Use of the T4–T12 constrained Cobb angle had merits and limitations. In favor of the constrained Cobb is that the uppermost thoracic vertebrae are often poorly visualized due to overlying tissue density. Another attribute of the constrained technique is that the identification of the most inclined vertebral body, which marks the transition from the thoracic to the lumbar curves, can be difficult, leading to low intra-rater reliability for determination of limit vertebrae, a problem circumvented by using the constrained Cobb technique [30, 31]. It must be acknowledged that the constrained method will misestimate the true kyphosis angle when the transition vertebra is not at the same level as the specified level. In aggregate, the potential measurement errors in the Cobb angle degrade the accuracy of the criterion standard, conservatively biasing this study’s validity estimates.
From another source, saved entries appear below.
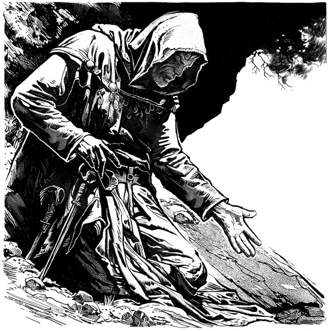 Я стоял в раздумье и упорно глядел в бездну, словно ожидая, что над ней вот-вот грозно встанет окровавленный труп графа… Мне казалось, что я его убийца, я все еще судорожно сжимал в руке его шпагу, шляпу и бумажник.
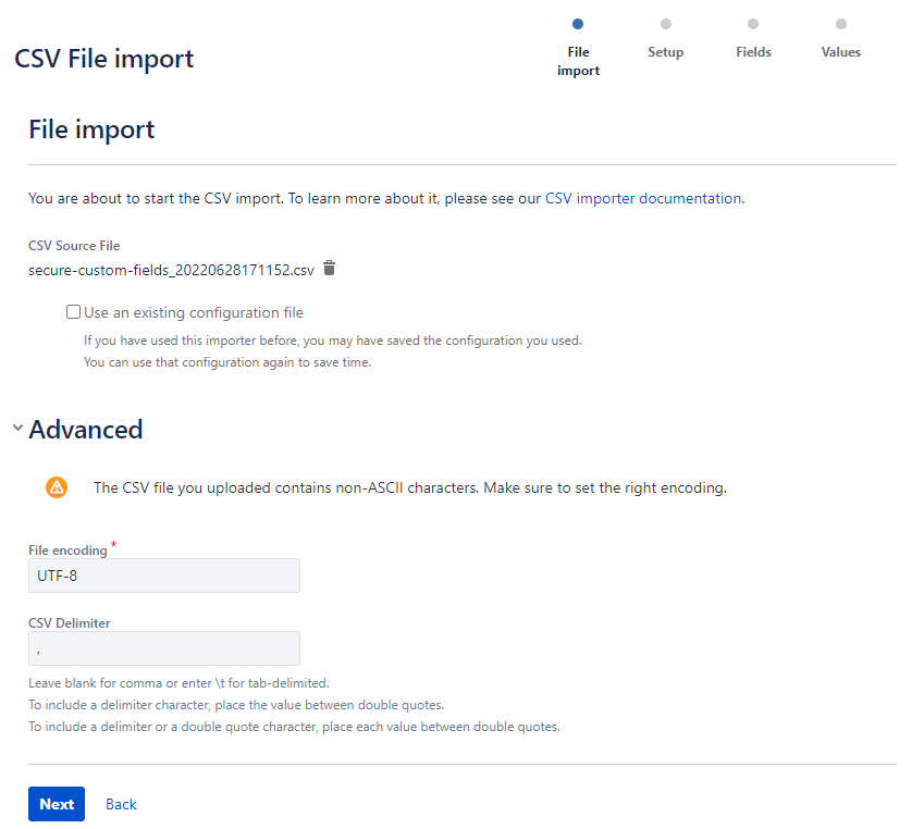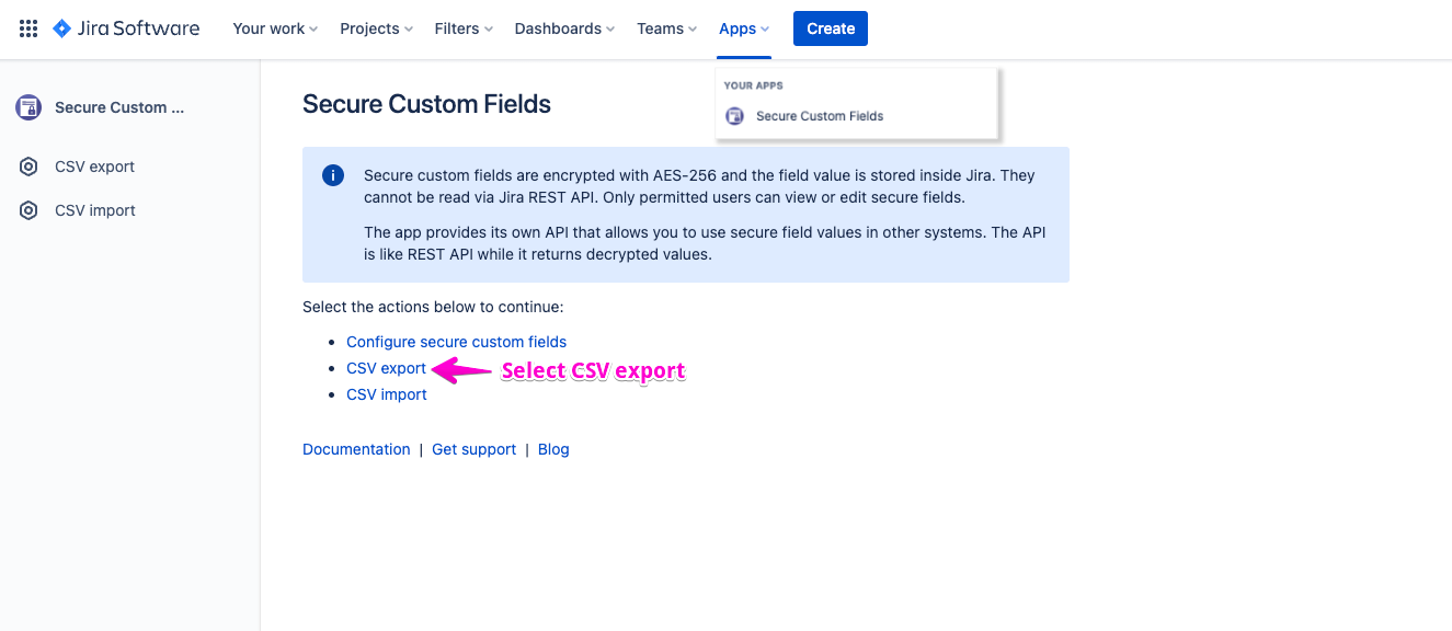 CSV format of Secure custom fields is compatible with Jira’s CSV format so that you can migrate secure field values to standard Jira fields.
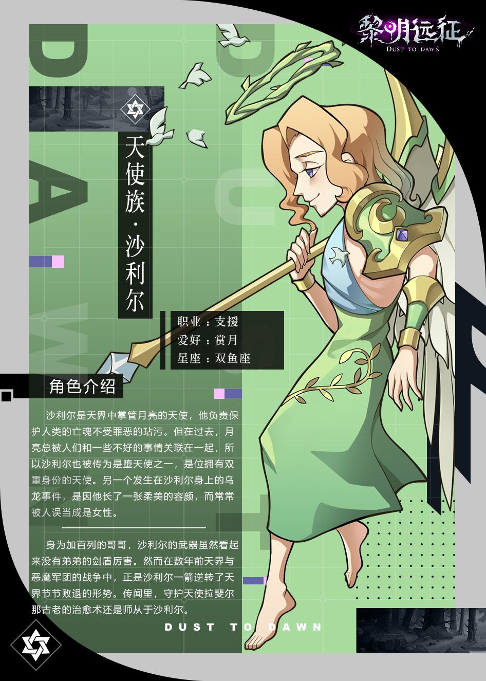 ▌天使族-支援-沙利尔 “生存还是死亡,这是个时间问题” (爱的守护技能展示) 指挥官大人们好呀~!今天塔妹要为大家介绍的是来自天界的沙利尔姐姐……啊啊说错了!是沙利尔哥哥!他不仅长相柔美,就连性格也十分温柔,会为小队中的所有成员疗伤,他的大招还可以复活队友哦! 1技能:爱的守护 沙利尔释放不朽之爱,为血量最低的3名队友恢复部分血量,持续4秒。 群体回血 2技能:爱与恨 沙利尔向前方发射一条射线,
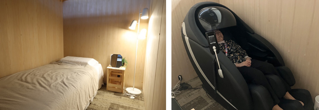 三輪さん:仕事をしていてちょっと疲れたなとか、気分を切り替えたいなっていう時にコーヒーを飲んだりタバコを吸いに行ったり、コンビニに行ったりしますよね? そういう感覚でフラッと来ていただくことを想定しました。また、疲労回復や集中力を向上させると言われているパワーナップも15分程度が理想と言われています。
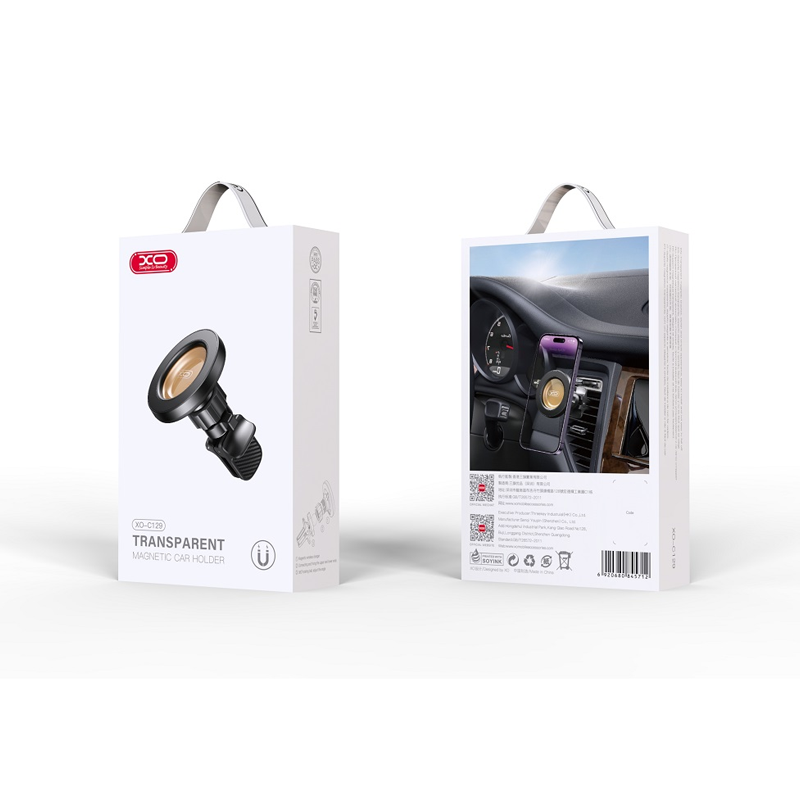 XO C129 je univerzalno magnetno držalo za namestitev na prezračevalno rešetko v avtomobilu. Njegove majhne dimenzije se bodo odlično podale v vsak prostor. V kompletu so kovinske nalepke.
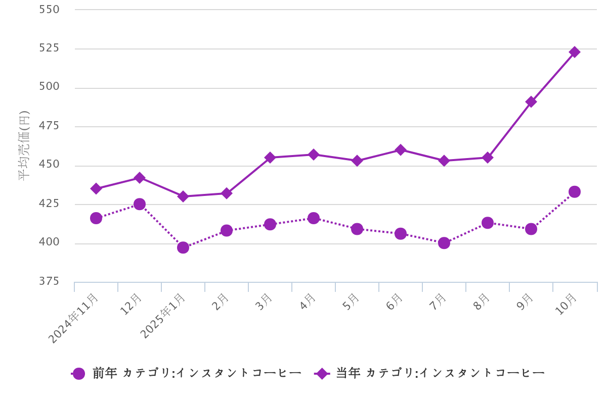 買物指数(点数)とは来店者100万人における売上個数 / データ抽出期間:2023年11月01日~2025年10月31日(実線は本年、点線は前年)/ 業態:食品スーパーマーケット / カテゴリ:インスタントコーヒー / データ出典:True Data「ドルフィンアイ」
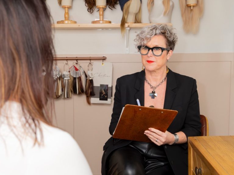 A consultation starts with piecing together when are you going to be wearing your hair piece, how long for, and during what activities? We then look at the construction of wig that feels comfortable, piecing together what wig piece you would like to try? The second visit is all about trying on your chosen styles, and finding your confidence again. The studio is in a private one to one setting, with space to bring a friend or partner for support.
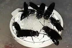 An adult female lays approximately 200 to 600 eggs at a time.[16] These eggs are typically deposited in crevices or on surfaces above or adjacent to decaying matter such as manure or compost, and hatch in about 4 days.[17] Freshly emerged larvae are 1.0 millimetre (0.04 in) long, being able to reach a length of 25 millimetres (1 in) and weight of 0.10 to 0.22 grams (1.5 to 3.4 gr) by the end of larval stage.[15] The larvae are able to feed on a wide variety of organic matter,[18][19][20][21] adapting to diets with different nutrient content.[22] The larval stage lasts from 18 to 36 days, depending on the food substrate provided to the larvae,[16][23] of which the post-feeding (prepupal) stage lasts around 7 days.[24] The length of larval stage can be delayed by months due to low temperature or lack of food.[17] The pupal stage lasts from 1 to 2 weeks.[24][25] Adults can live typically 47 to 73 days when provided with water and food, such as sugar in captivity or nectar in the wild,[26][27] or survive for about 8 to 10 days on fat reserves gathered during larval stage when water is provided.[16]
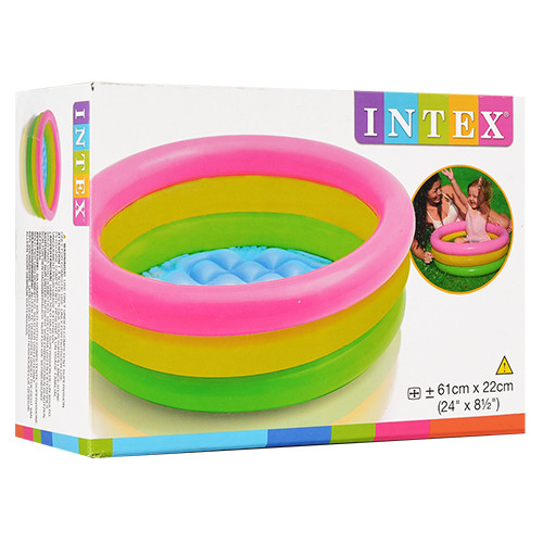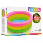 Piscina gonflabila pentru copii, va fi un cadou excelent pentru copiii care iubesc sa se scalde. Piscina este realizata din PVC de inalta calitate. Piscina este facuta sub forma unui cerc, in forma umflata seamana cu un curcubeu, peretii sai sunt vopsiti in culori diferite. Partea de jos a bazinului este, de asemenea, umflat sub forma de numeroase bile, astfel incit acesta poate fi plasat pe o suprafata tare. Piscina va fi o distractie excelenta pentru copii in zilele fierbinti de vara.

The reliability and validity estimates of the non-radiological measures of kyphosis calculated from this sample cannot be assumed to apply to all instances in which these measuring devices are used; they are not immutable characteristics of the tests themselves [32]. Deterioration of reliability and validity may occur due to subject characteristics (e.g., obesity hampers landmark location) or to operator characteristics (e.g., staff capability). Because the research associates who performed the measures in the current study had no formal training in anatomy and likely comparable to other entry-level research or clinical staff, we believe that operator characteristics are unlikely to be influential in other settings.
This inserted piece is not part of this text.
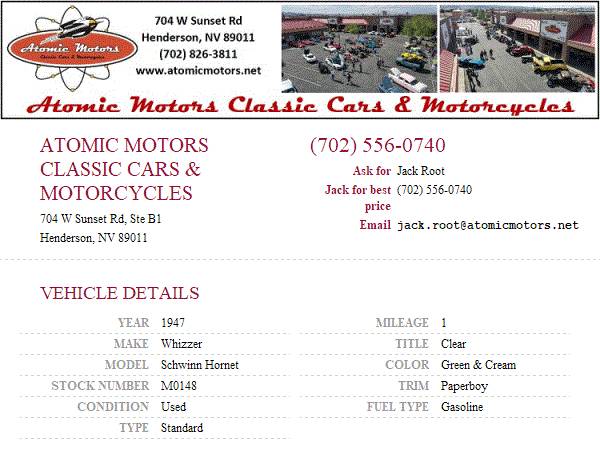 This vehicle is located at Atomic Motors Classic Car Sales and Restorations in Henderson, NV just 20 mins from the fabulous Las Vegas Strip. Come down and see us or call at 702-826-3811 ext 2. We are on-line at www.atomicmotors.net
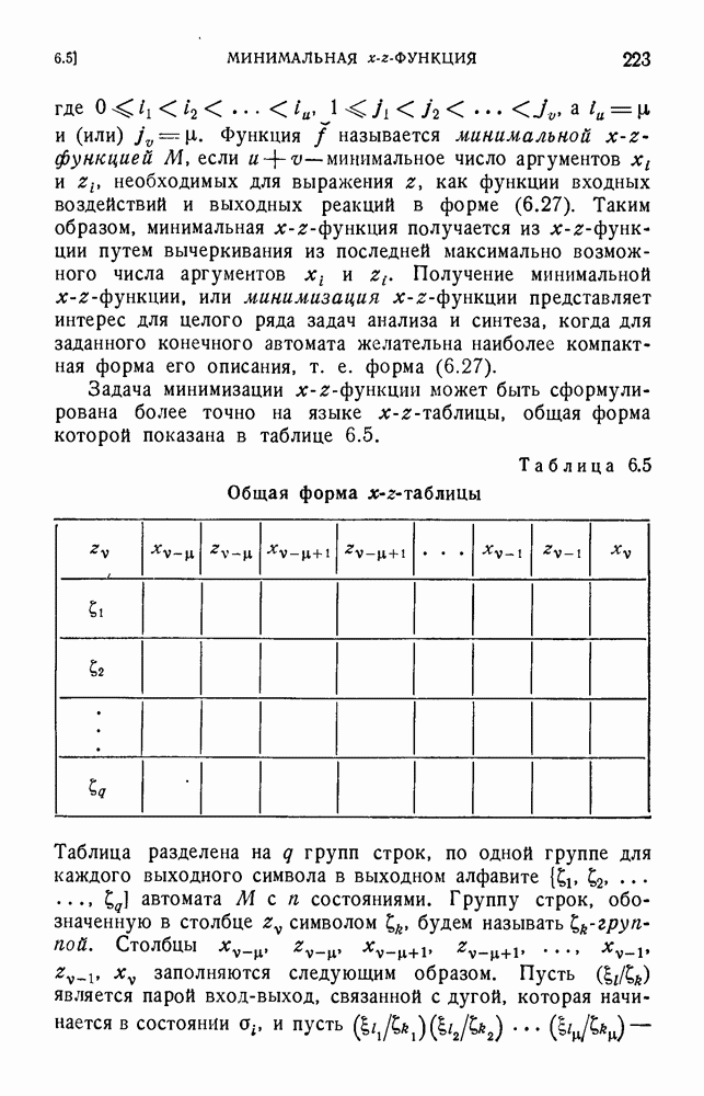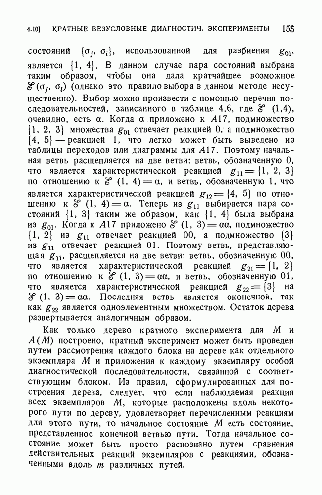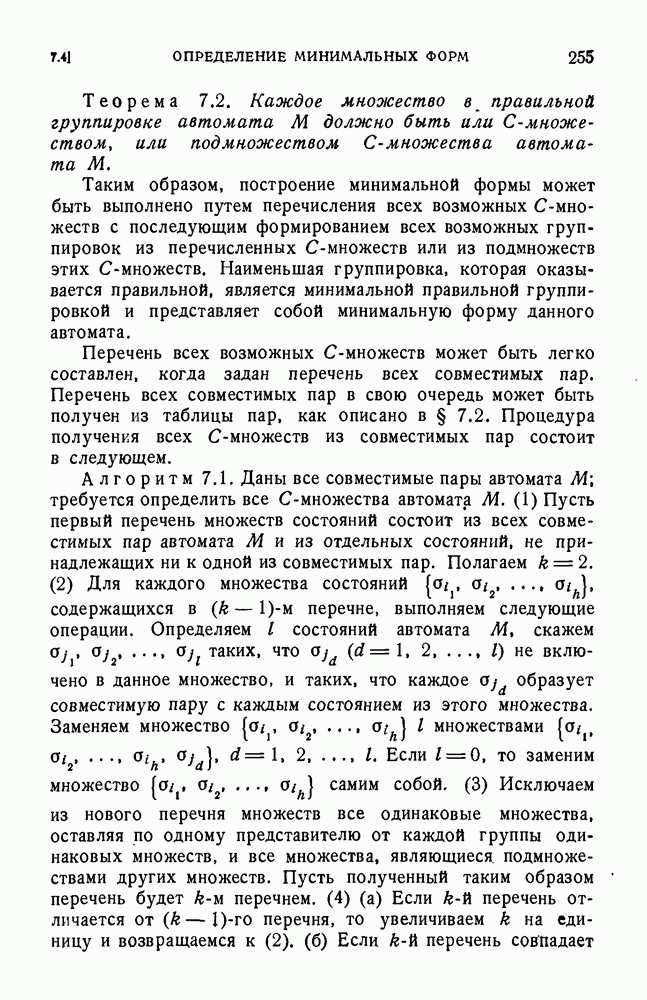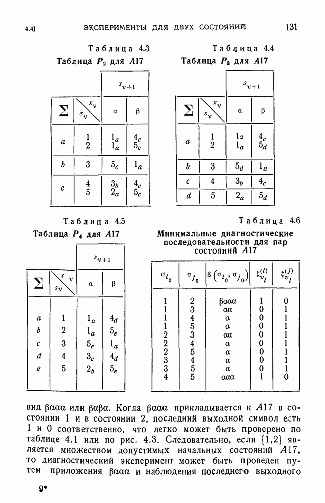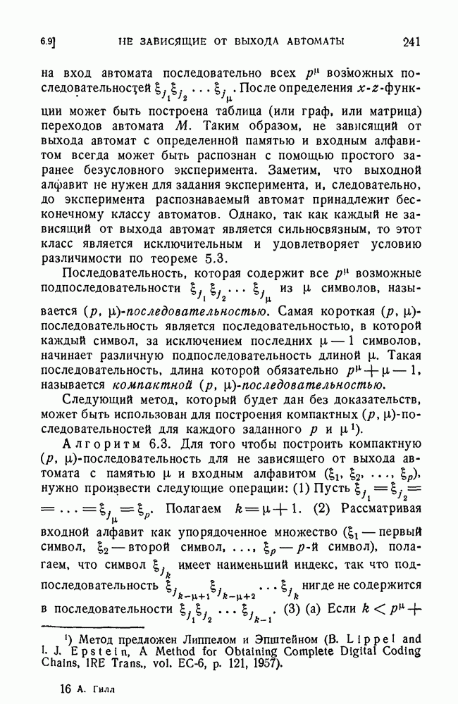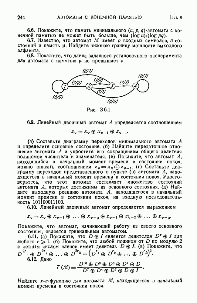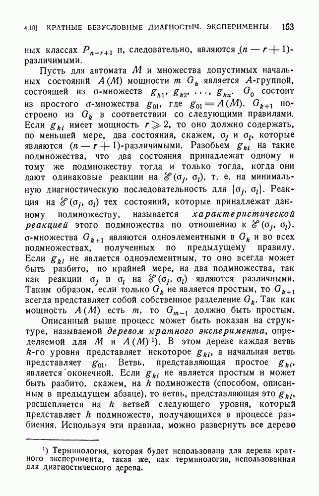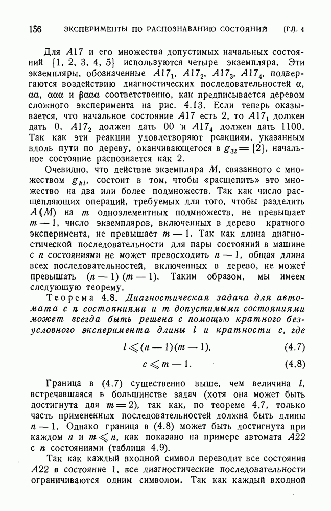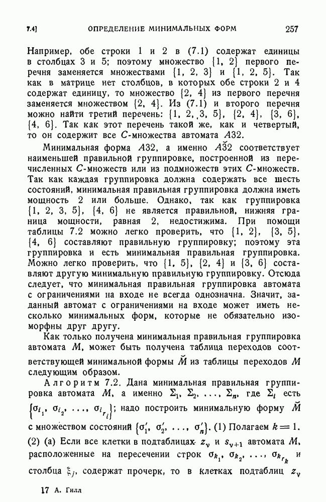 В предыдущих главах было подчеркнуто, что в конечных автоматах не нужно ни наблюдать, ни интересоваться физической природой состояний. Единственная функция состояний заключается в том, чтобы участвовать в определении зависимостей между входами и выходами автомата. Следовательно, любое множество состояний, выполняющих эту функцию, является приемлемым независимо от того, выражают эти состояния какой-либо интуитивный смысл или нет. Эта свобода выбора множества состояний весьма выгодна, поскольку она позволяет заменять одно множество другим, что может оказаться удобным для многих цеей. В частности, она позволяет найти оптимальное или минимальное, в том или другом смысле, множество состояний. При всех таких рассмотрениях понятие «эквивалентности» играет главную роль. Как станет видно из дальнейшего, это понятие не только является фундаментальным для более точного и краткого определения конечных автоматов, но проливает новый свет на всю проблему анализа конечных автоматов (так же как и синтеза).

The metrics developed in this study to scale the non-radiological tests to the standing Cobb angle must be viewed as approximations, intended to give investigators and clinicians a “feel” for what the values of the non-radiological tests mean in Cobb angle terms. They are not intended to translate individual patient’s non-radiological measures to Cobb angle values in clinical practice. Rather, these approximate conversion formulae are meant to help researchers get a handle on what the non-radiological tests mean in Cobb angle terms, which will inform the general clinical translation of research results.
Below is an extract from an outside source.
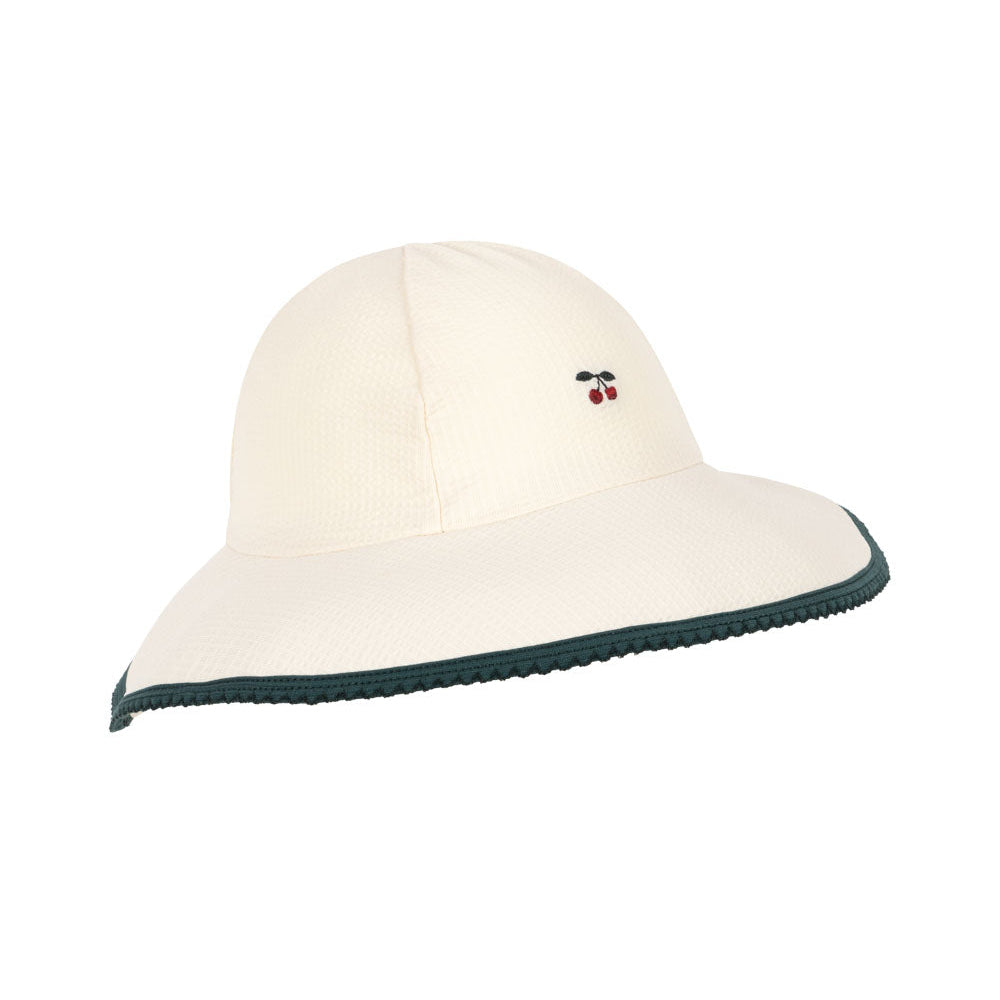 Zwemhoed gemaakt van zachte seersucker stof met een gewatteerde klep. De Sailor zwemhoed beschermt tegen de zon dankzij de hoogste ultravioletbeschermingsfactor UPF 40+.

In summary, in our study sample, we found that the Debrunner kyphometer, the flexicurve kyphosis angle and the flexicurve kyphosis index had strong and similar validity and reliability. Its low cost, ease of use by entry-level research staff, short measurement time, and relative robustness to variations in spine contour and deformity argue for use of the Flexicurve in longitudinal assessments of kyphosis. This study also provides approximate conversion factors that permit translation of results from three non-radiological kyphosis measures to an approximate Cobb angle value, which will assist researchers in interpreting the clinical meaning of the non-radiological tests.